__Task__
Copy the data exactly; pictures stay out of the copy.

__Available data__
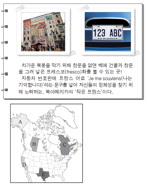 14. 자료는 북아메리카의 어느 지역을 여행하면서 기록한 것이다. 이 지역을 지도에서 고른 것은?
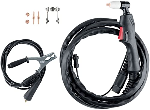 Cavo di taglio di alta qualità da 2,5 m con bruciatore sostituibile e guida a rulli rimovibili, cavo di messa a terra (2 m) con morsetto potente, tubo dell’aria compressa da 0,5 m con sistema di collegamento rapido (“Quick-Connect”), raffreddamento elettrico attivo, protezione da sovraccarico tramite termoguardia con spia di controllo, alloggiamento in lamiera d’acciaio verniciata con manico ergonomico, ingresso aria compressa supplementare per alimentazione dell’aria alternativa tramite un compressore
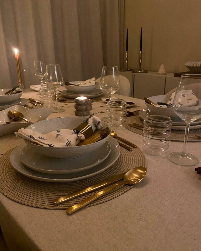 Notez que la vaisselle et les verres à liseré doré apportent une touche d’élégance supplémentaire.

__Written response__
 14. 자료는 북아메리카의 어느 지역을 여행하면서 기록한 것이다. 이 지역을 지도에서 고른 것은?
 Cavo di taglio di alta qualità da 2,5 m con bruciatore sostituibile e guida a rulli rimovibili, cavo di messa a terra (2 m) con morsetto potente, tubo dell’aria compressa da 0,5 m con sistema di collegamento rapido (“Quick-Connect”), raffreddamento elettrico attivo, protezione da sovraccarico tramite termoguardia con spia di controllo, alloggiamento in lamiera d’acciaio verniciata con manico ergonomico, ingresso aria compressa supplementare per alimentazione dell’aria alternativa tramite un compressore
 Notez que la vaisselle et les verres à liseré doré apportent une touche d’élégance supplémentaire.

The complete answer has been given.